I think there's some potential in all these devices, and unfotunately, while
I've had time to run up some quick curves and listen to a few examples,
the time isn't there to do extensive listening with every permutation. This
is unfortunate because, as I said: Occasionally there is a surprise.
Here's a curve of an R085 running at 2 amps with a mu follower and 2 ohms
of degeneration (providing degeneration and a bias drop for direct coupled
input).
I've had time to run up some quick curves and listen to a few examples,
the time isn't there to do extensive listening with every permutation. This
is unfortunate because, as I said: Occasionally there is a surprise.
Here's a curve of an R085 running at 2 amps with a mu follower and 2 ohms
of degeneration (providing degeneration and a bias drop for direct coupled
input).
No not bad, but I was wondering how much testing was actually done for that paper. I remember the chart of Gain and THD @ 1k and 20k maybe I should go look again. What struck me about that was he was using serious power on the rest of those transistors that might not be possible on the 550? It does show that it had a relatively low distortion even at the high freq due to the low capacitance. I think it may suffer from less gain though?

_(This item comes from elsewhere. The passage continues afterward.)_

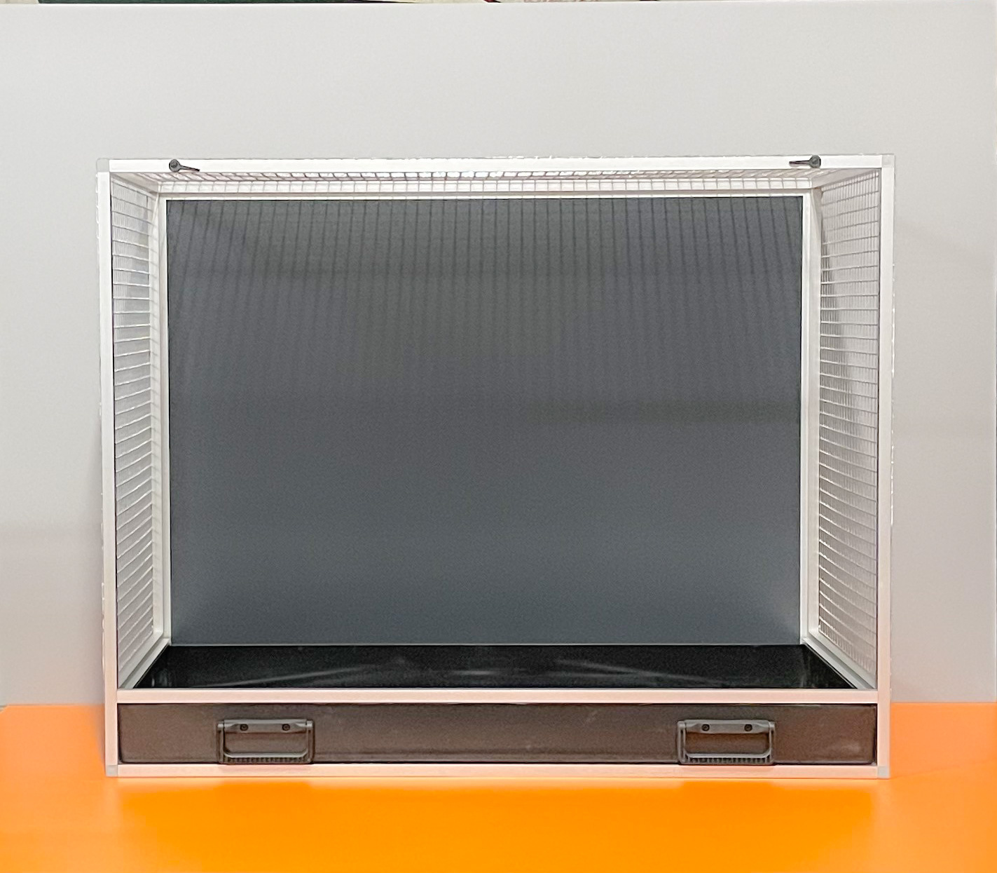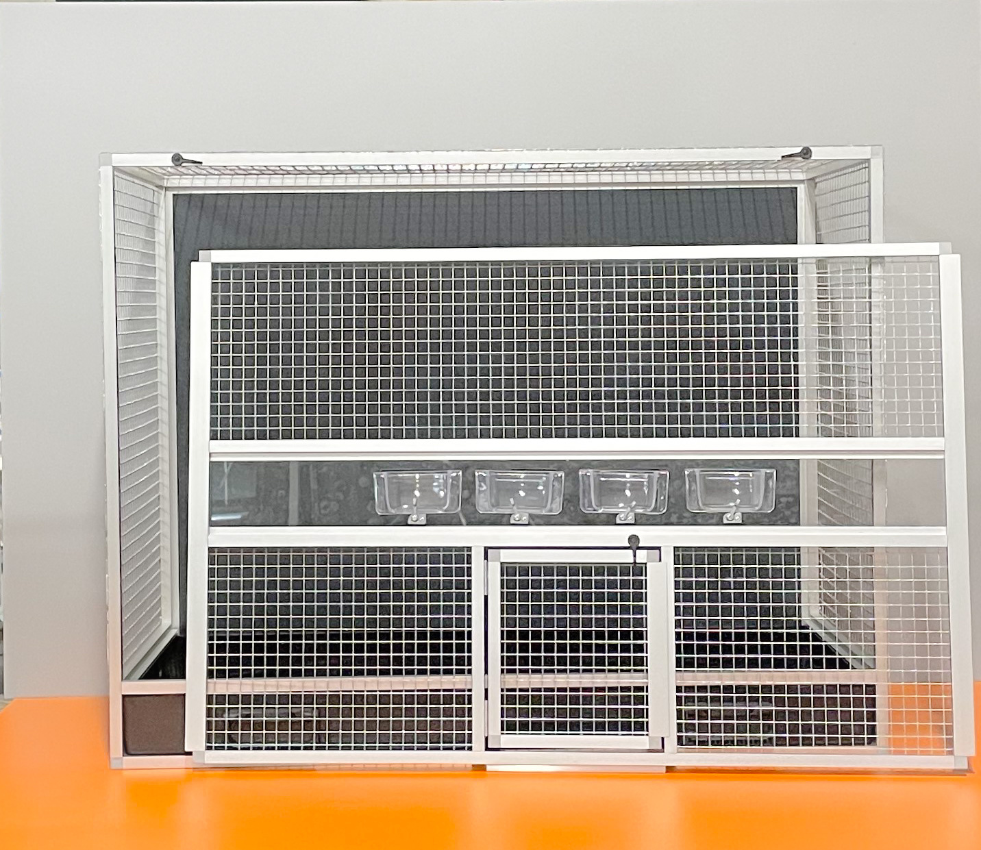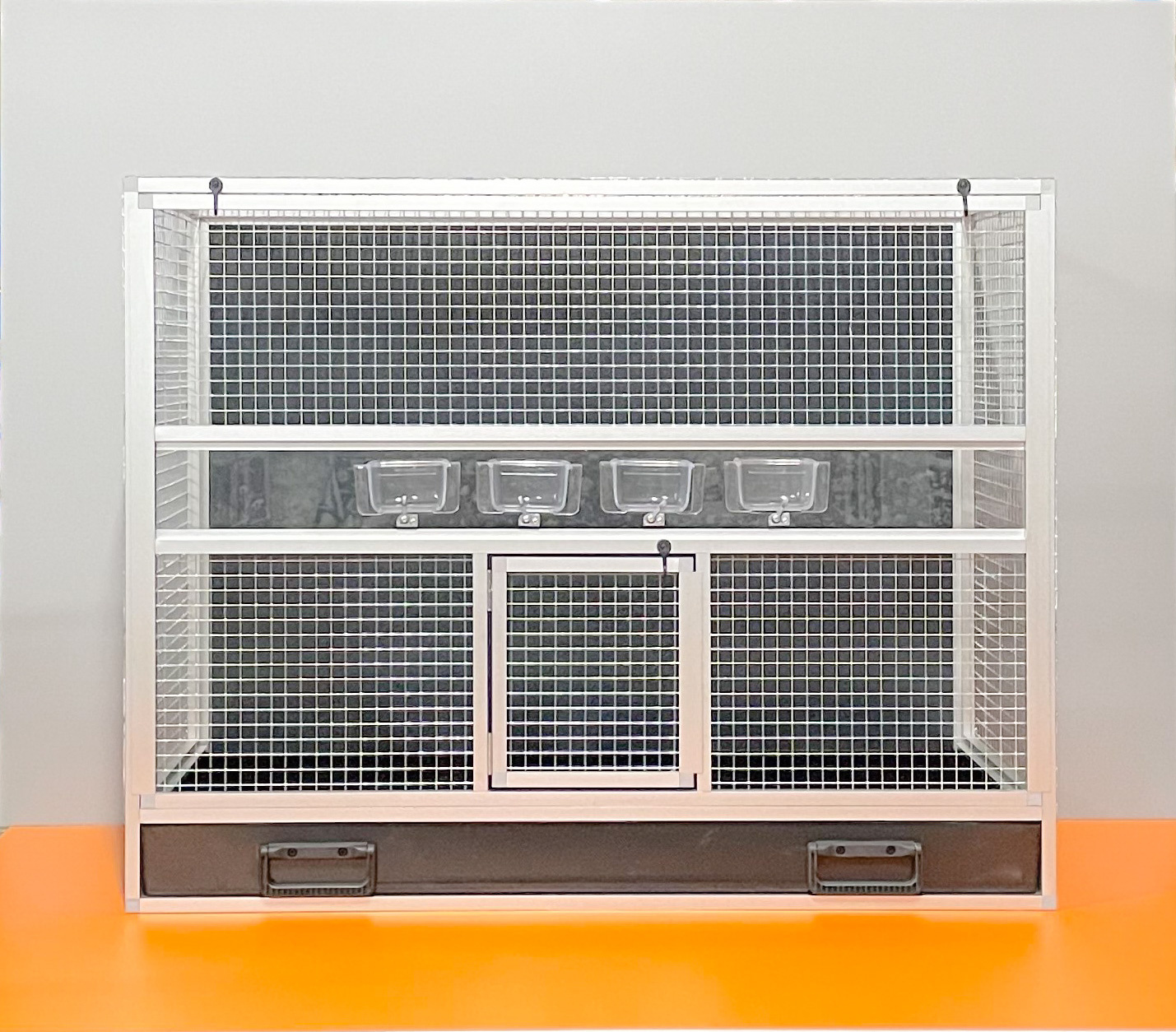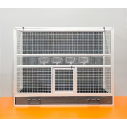 Bednová klec o rozměru šířka 99 cm, hloubka 50 cm a výška 78,5 cm má hliníkovou konstrukci tvořenou z profilu 15x15mm s povrchovou úpravou stříbrný elox. Výplně klece jsou z hliníkového sendviče (hliník-plast-hliník). Jedná se o velice pevný a kvalitní materiál. Může být v barvě bílé, šedé, tmavě zelené a antracitové. Na přání i v barvě černé. Strop je potažen pletivem, na přání lze udělat strop plný. Přední stěna je tvořena vyjímatelnou mřížkou se čtyřmi krmítky. Součástí klece není napáječka. Doplňky lze přiobjednat https://www.aluhobby.cz/ptactvo/doplnky-pro-bednove-klece/. Velkou předností této bednové klece je především nízká váha (14 kg) a vysoká pevnost. Díky nízké váze a použitým materiálům se velmi snadno udržuje v chovu hygiena.

Well take a quick calculation of the F3. what do we have, 1 Volt on the Rs, 2.5V D-S on the LU part, and when the amp output swings low at least 3Volts on the cascode MOSFET. With 1.5A Iq and 6.5V on the lower part of the gain stage that is unuseable for output power, we have 9.75W of unusable power being wasted. In this case it does not seem to extreme but also the LU part is low voltage and low power and would not be nearly the 10W output if not a cascode configuration.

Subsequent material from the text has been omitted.